Reputation: 25
I have written a structure for Conv1D in keras. I want to merge the 6 different inputs of same shape. Previously, Merge([ model1, model2, model3, model4, model5, model6], mode = 'concat')
worked just fine but after new updates, I cant use Merge anymore.
Concatenate can be used as follows,
from keras.layers import Concatenate
model = Concatenate([ model1, model2, model3, model4, model5, model6])
But I want to add Dense layers before the softmax layer to this merged model, which I cant add to Concatenate as it accepts only tensor inputs.
How do I merge the 6 inputs before passing it to 2 dense layers and softmax layer??
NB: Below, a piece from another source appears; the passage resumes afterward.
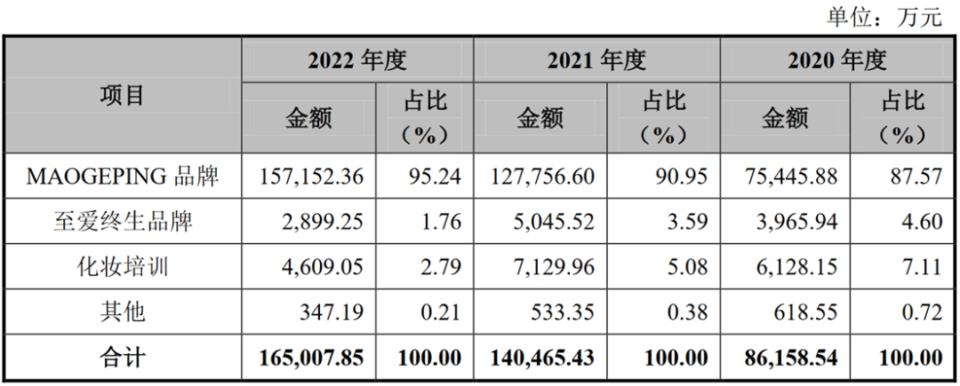 公開資料顯示,MAOGEPING毛戈平品牌(下稱:毛戈平品牌)于2000年創(chuàng)立,因創(chuàng)始人毛戈平得名,定位輕奢、高端;公司另一個(gè)品牌至愛終生創(chuàng)立于2008年,定位于大眾、流行彩妝護(hù)膚品牌。此外,毛戈平公司業(yè)務(wù)還涵蓋化妝技能培訓(xùn)學(xué)校。

My current code is as follows,
input_shape = (64,250)
model1 = Sequential()
model1.add(Conv1D(64, 2, activation='relu', input_shape=input_shape))
model1.add(Conv1D(64, 2, activation='relu'))
model1.add(MaxPooling1D(2))
model1.add(Dropout(0.75))
model1.add(Flatten())
model2 = Sequential()
model2.add(Conv1D(128, 2, activation='relu', input_shape=input_shape))
model2.add(Conv1D(128, 2, activation='relu'))
model2.add(MaxPooling1D(2))
model2.add(Dropout(0.75))
model2.add(Flatten())
model3 = Sequential()
model3.add(Conv1D(128, 2, activation='relu', input_shape=input_shape))
model3.add(Conv1D(128, 2, activation='relu'))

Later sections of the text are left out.